I’ve been posting this for years now, it first appeared in, of all places, The New York Times.

If you have heart disease, or if you DON’T have heart disease and don’t want to get it, this is worth your time to read.
+++

By GARY TAUBES
Published: June 2, 2012

Oakland, Calif.

THE first time I questioned the conventional wisdom on the nature of a healthy diet, I was in my salad days, almost 40 years ago, and the subject was salt. Researchers were claiming that salt supplementation was unnecessary after strenuous exercise, and this advice was being passed on by health reporters. All I knew was that I had played high school football in suburban Maryland, sweating profusely through double sessions in the swamp like 90-degree days of August. Without salt pills, I couldn’t make it through a two-hour practice; I couldn’t walk across the parking lot afterward without cramping.

While sports nutritionists have since come around to recommend that we should indeed replenish salt when we sweat it out in physical activity, the message that we should avoid salt at all other times remains strong. Salt consumption is said to raise blood pressure, cause hypertension and increase the risk of premature death. This is why the Department of Agriculture’s dietary guidelines still consider salt Public Enemy No. 1, coming before fats, sugars and alcohol. It’s why the director of the Centers for Disease Control and Prevention has suggested that reducing salt consumption is as critical to long-term health as quitting cigarettes.

And yet, this eat-less-salt argument has been surprisingly controversial — and difficult to defend. Not because the food industry opposes it, but because the actual evidence to support it has always been so weak.

When I spent the better part of a year researching the state of the salt science back in 1998 — already a quarter century into the eat-less-salt recommendations — journal editors and public health administrators were still remarkably candid in their assessment of how flimsy the evidence was implicating salt as the cause of hypertension.
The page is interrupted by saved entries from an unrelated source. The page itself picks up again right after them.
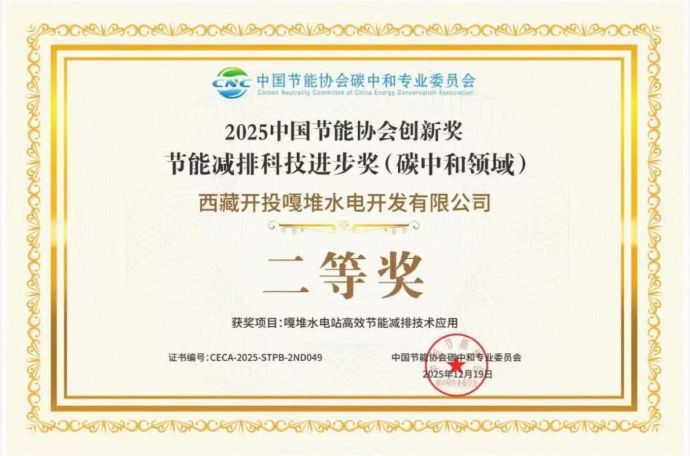 近日,中國節(jié)能協(xié)會2025年度創(chuàng)新獎獲獎名單正式公布,西藏開投嘎堆水電公司申報的“嘎堆水電站高效節(jié)能減排技術(shù)應(yīng)用”項目榮獲“節(jié)能減排科技進步獎(碳中和領(lǐng)域) 二等獎”。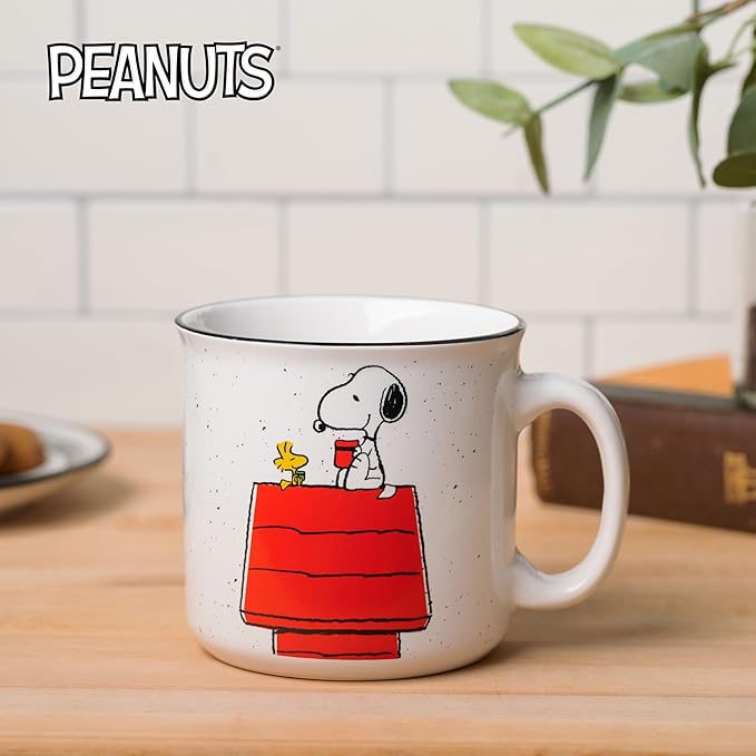 Silver Buffalo Peanuts Snoopy and Woodstock Get Cozy Ceramic Camper Mug, 20 Ounces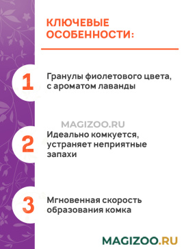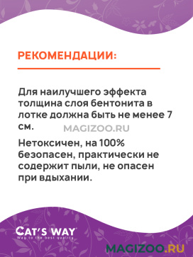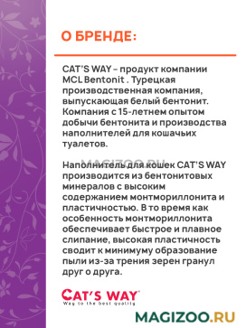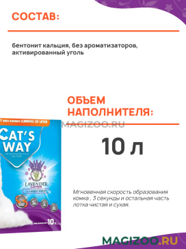 CAT'S WAY LAVANDER - это наполнитель для кошачьего туалета из 100% белой натуральной бентонитовой глины с легким ароматом лавандвы.

“You can say without any shadow of a doubt,” as I was told then by Drummond Rennie, an editor for The Journal of the American Medical Association, that the authorities pushing the eat-less-salt message had “made a commitment to salt education that goes way beyond the scientific facts.”

While, back then, the evidence merely failed to demonstrate that salt was harmful, the evidence from studies published over the past two years actually suggests that restricting how much salt we eat can increase our likelihood of dying prematurely. Put simply, the possibility has been raised that if we were to eat as little salt as the U.S.D.A. and the C.D.C. recommend, we’d be harming rather than helping ourselves.

WHY have we been told that salt is so deadly? Well, the advice has always sounded reasonable. It has what nutritionists like to call “biological plausibility.” Eat more salt and your body retains water to maintain a stable concentration of sodium in your blood. This is why eating salty food tends to make us thirsty: we drink more; we retain water. The result can be a temporary increase in blood pressure, which will persist until our kidneys eliminate both salt and water.

The scientific question is whether this temporary phenomenon translates to chronic problems: if we eat too much salt for years, does it raise our blood pressure, cause hypertension, then strokes, and then kill us prematurely? It makes sense, but it’s only a hypothesis. The reason scientists do experiments is to find out if hypotheses are true.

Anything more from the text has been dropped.